Frederick Douglass, an escaped slave, published a newspaper out of Rochester, NY, named the Frederick Douglass’ Paper. In 1854, another escaped slave was caught in Boston and eventually returned to his master in Virginia under the federal Fugitive Slave Act. While he was jailed, a crowd of abolitionist intent on liberating him attacked the jail and killed a US marshal trying to repel them. (Nobody was ever condemned for that.) The Frederick Douglas’ Paper of June 9, 1854 (page 2) commented with a piece titled “The True Remedy for the Fugitive Slave Bill.” Although without a byline, it was likely written by Frederick Douglass himself. The first paragraph reads (emphasis in the original):

A good revolver, a steady hand, and a determination to shoot down any man attempting to kidnap. Let every colored man make up his mind to this, and live by it, and if needs be, die by it. This will put an end to kidnapping and to slaveholding, too. We blush to our very soul when we are told that a Negro is so mean and cowardly that he prefers to live under the slavedriver’s whip—to the loss of life or liberty. Oh! that we had a little more of the manly indifference to death, which characterized the Heroes of the American Revolution.

The Library of Congress advises me that that “the ‘true remedy’ theme in connection with slavery is mentioned more than 30 times in various African American newspapers, from ca. 1828-1860” (email of December 28, 2022). I was alerted to Douglass’s statement by Damon Root’s interesting article “The New York Times Is Surprised To Find Public Defenders Championing the Second Amendment” (Reason, August 1, 2022).

The last two sentences of Douglass’s quote above raise what is known to economists as the problem of collective action (see Mancur Olson, The Logic of Collective Action [Harvard University Press, 1971]).
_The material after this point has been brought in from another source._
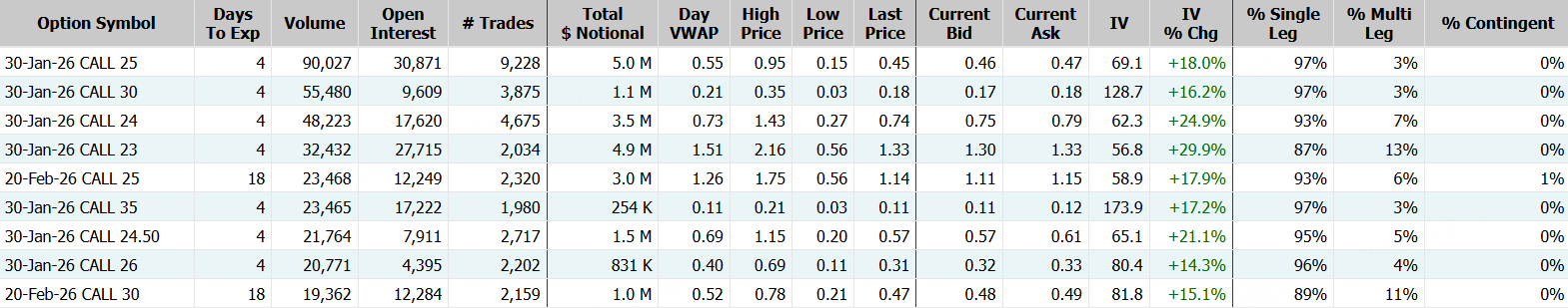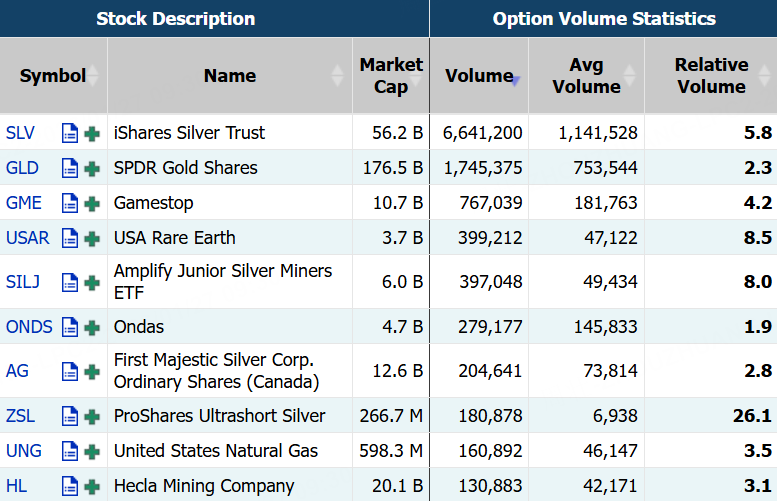 期权方面,据Market Chameleon数据显示,白银ETF-iShares当日成交664.12万张,较90日均量放大近6倍,看涨期权占比降至53.9%,其中于1月26日到期的100美元行使价的看跌期权成交居前,成交近20万张。

If a large number of slaves (assuming they could have owned or obtained revolvers), escaped slaves, and their supporters had shot a sufficient number of slave owners and slave catchers, they would have abolished slavery. The collective action problem is who will start the action and shoot first, for those are themselves likely be killed or punished instead of being liberated. Most people are not willing to die for a cause, even just, that is likely to only benefit others.
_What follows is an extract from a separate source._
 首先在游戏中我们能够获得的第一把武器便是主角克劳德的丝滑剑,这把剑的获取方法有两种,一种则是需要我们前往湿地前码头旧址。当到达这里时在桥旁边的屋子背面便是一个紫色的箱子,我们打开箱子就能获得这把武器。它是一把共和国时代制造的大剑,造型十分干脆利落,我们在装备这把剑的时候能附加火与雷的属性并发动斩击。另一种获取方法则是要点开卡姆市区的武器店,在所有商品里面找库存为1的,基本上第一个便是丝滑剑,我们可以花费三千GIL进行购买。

If however Douglass had succeeded instilling in a sufficient number of individuals the “determination to shoot down any man attempting to kidnap” or to shoot any slave master, slavery would have unraveled through a simple mechanism of incentives. The way to stop persecution is to increase its cost for persecutors so that they don’t derive any net benefit from it. If that succeeds, the persecutor will back off. Individual self-defense by persecuted individuals or their supporters may not be sufficient by itself to achieve that goal, but it can contribute to it.